프로메테우스 가이드북은 A to Z Metnros (Udemy) — Prometheus | The Complete Hands-On for Monitoring & Alerting를 듣고 작성한 가이드북입니다.
가이드북의 전체 목차 및 인덱싱은 프로메테우스 가이드북 — 소개 페이지를 참고해주세요.
개요
프로메테우스 알람에서 특정한 상황에서 이메일을 발송하는 구성을 살펴보았습니다.
하지만 알람이 N~NNN개 이상 많아지면 관리자(담당자)는 엄청난 양의 메일을 받고 이를 처리해야 할 것입니다. 따라서 이를 다양한 대상으로 라우팅하는 기법이 필요합니다.
Metric의 구분
Prometheus Metric은 크게 2종류로 구분될 수 있을 것입니다.
Star Solution (e.g. Linux, Windows)
PEC Techologies (e.g. Python, Golang)
AlertManager의 구분
앞서 Metric을 구분한 것에 세부 개발팀으로 이를 라우팅할 수 있을 것입니다.

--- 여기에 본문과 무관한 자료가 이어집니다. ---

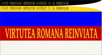 This "flag of the Transylvanian Romanians" was transformed into a red-blue-white, blue-red-white or white-blue-red tricolor, bearing the inscription VIRTUS ROMANA REDIVIVA ("Roman virtue revived").[131] The slogan's origin can be traced back to Romanian Grenz infantry regiments serving on the Transylvanian Military Frontier.[132] A blue-red-white variant was inscribed with VIRTUTEA ROMÂNĂ REÎNVIATĂ ("Romanian virtue revived"), and carried ribbons in the Habsburg colors, with a slogan honoring Ferdinand I.[133] Several authors note that such a color scheme merely reflected confusion among the Romanians, allowing Hungarians in the Diet to report that it was a pan-Slavic symbol.[45][127][134] In Fogaras (Făgăraș) and Fellak (Feleac), Romanians, specifically Eastern Catholics, opted for alternative flags of blue and yellow.[135]
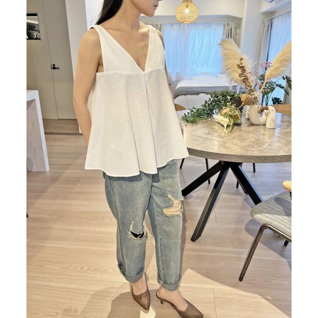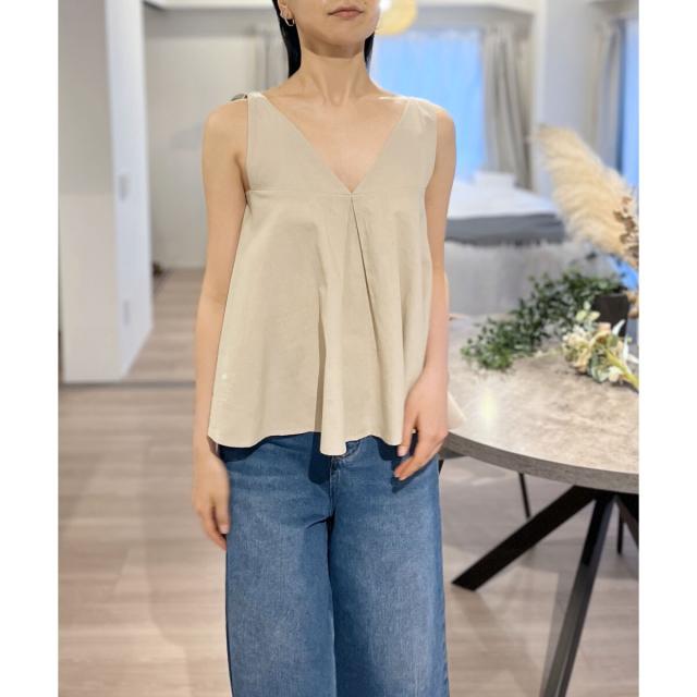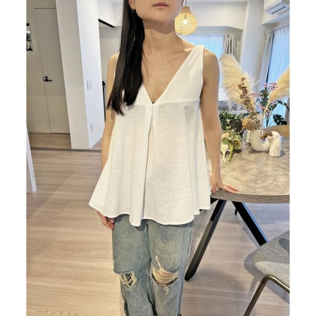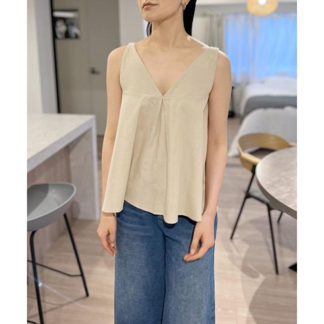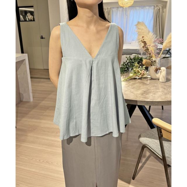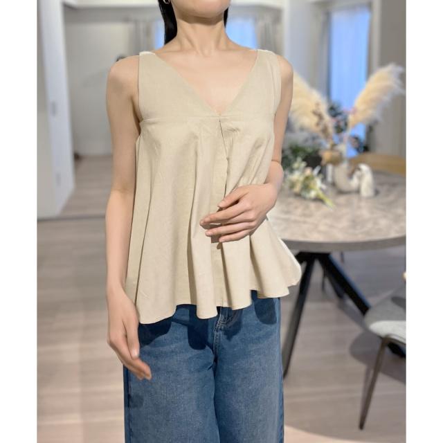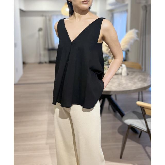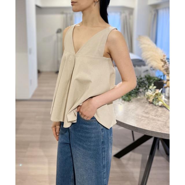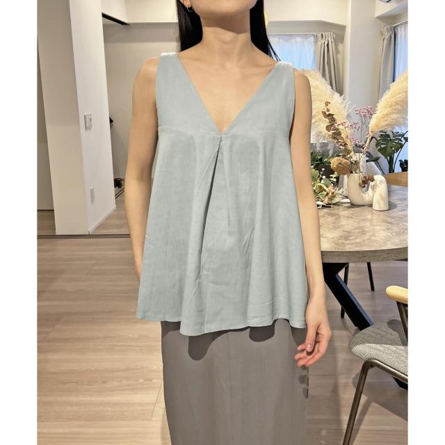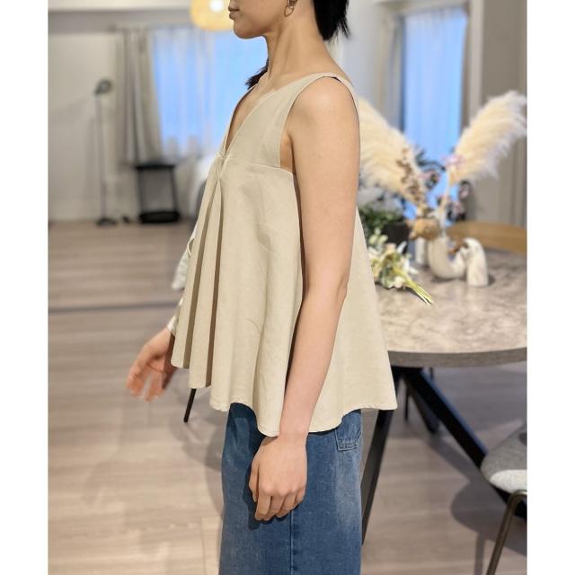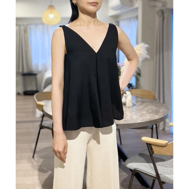 Vネックタックフレアノースリーブチュニック

Star Solution (e.g. Linux, Windows)
Linux Team (e.g. Linux OS)
Linux Manager (e.g. Critical Metric)
Linux Team Lead (e.g. Waring Metric)
Windows Team (e.g. Windows OS)
Windows Manager (e.g. Critical Metric)
Windows Team Lead
(e.g. Warning Metric)
PEC Technologies (e.g. Python, Golang)
Python Team (e.g. Python OS)
Python Manager (e.g Critical Metric)
Python Team Lead (e.g Warning Metric)
Golang Team (e.g. Golang OS)
Golang Manager (e.g. Critical Metric)
Python Team Lead (e.g Warning Metric)
Recording Rule : web-rules
파일명 : ./rules/web-rules.yaml
파일 예제
groups:
- name: python-app-rules
rules:
# Python Application Alerts
- record: job:app_request_latency_seconds:rate1m
expr: rate(app_response_latency_seconds_sum[1m]) / rate(app_response_latency_seconds_count[1m])

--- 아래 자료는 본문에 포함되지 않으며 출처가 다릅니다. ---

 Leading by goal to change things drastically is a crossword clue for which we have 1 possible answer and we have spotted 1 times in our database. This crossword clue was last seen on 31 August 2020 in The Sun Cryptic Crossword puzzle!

- alert: AppLatencyAbove2sec
expr: 2 < job:app_request_latency_seconds:rate1m < 5
for: 2m
labels:
severity: warning
app_type: python
annotations:
summary: 'Python app latency is going high'
description: 'App latency of instance {{ $labels.instance }} of job {{ $labels.job }} is {{ $value }} for more than 5 minutes.'
app_link: 'http://localhost:8000/'
- alert: AppLatencyAbove5sec
expr: job:app_request_latency_seconds:rate1m >= 5
for: 2m
labels:
severity: critical
app_type: python
annotations:
summary: 'Python app latency is over 5 seconds.'
description: 'App latency of instance {{ $labels.instance }} of job {{ $labels.job }} is {{ $value }} for more than 5 minutes.'
app_link: 'http://localhost:8000/'
- name: go-app-rules
rules:
# Go Application Alerts
- record: job:go_app_request_latency_seconds:rate1m
expr: rate(go_app_response_latency_seconds[1m]) / rate(go_app_response_latency_seconds[1m])

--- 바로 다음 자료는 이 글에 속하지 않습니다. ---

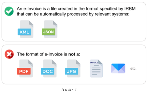 Table 1 illustrates what is considered an e-Invoice and what is not:2

- alert: GoAppLatencyAbove2sec
expr: 2 < job:go_app_request_latency_seconds:rate1m < 5
for: 2m
labels:
severity: warning
app_type: go
annotations:
summary: 'Go app latency is unusual'
description: 'App latency of instance {{ $labels.instance }} of job {{ $labels.job }} is {{ $value }} for more than 5 minutes.'
app_link: 'http://localhost:8000/'
- alert: GoAppLatencyAbove5sec
expr: job:go_app_request_latency_seconds:rate1m >= 5
for: 2m
labels:
severity: critical
app_type: go
annotations:
summary: 'Go app latency is over 5 seconds.'
description: 'App latency of instance {{ $labels.instance }} of job {{ $labels.job }} is {{ $value }} for more than 5 minutes.'
app_link: 'http://localhost:8000/'
Recording Rule : linux-rules
파일명 : ./rules/linux-rules.yaml
파일 예제
# stress tool to increase CPU usage
# stress -c 1 -v -timeout 100s
# stress-ng to increase memory usage
# stress-ng --vm-bytes $(awk '/MemFree/{printf "%d\n", $2 * 0.9;}' < /proc/meminfo)k --vm-keep -m 1
# combined
# stress-ng -c 1 -v --vm-bytes $(awk '/MemAvailable/{printf "%d\n", $2 * 0.85;}' < /proc/meminfo)k --vm-keep -m 1 --timeout 300s
# to increase disk usage space
# fallocate -l 30G file
groups:
- name: linux-rules
rules:
- alert: NodeExporterDown
expr: up{job="node_exporter"} == 0
for: 2m
labels:
severity: critical
app_type: linux
category: server
annotations:
summary: "Node Exporter is down"
description: "Node Exporter is down for more than 2 minutes"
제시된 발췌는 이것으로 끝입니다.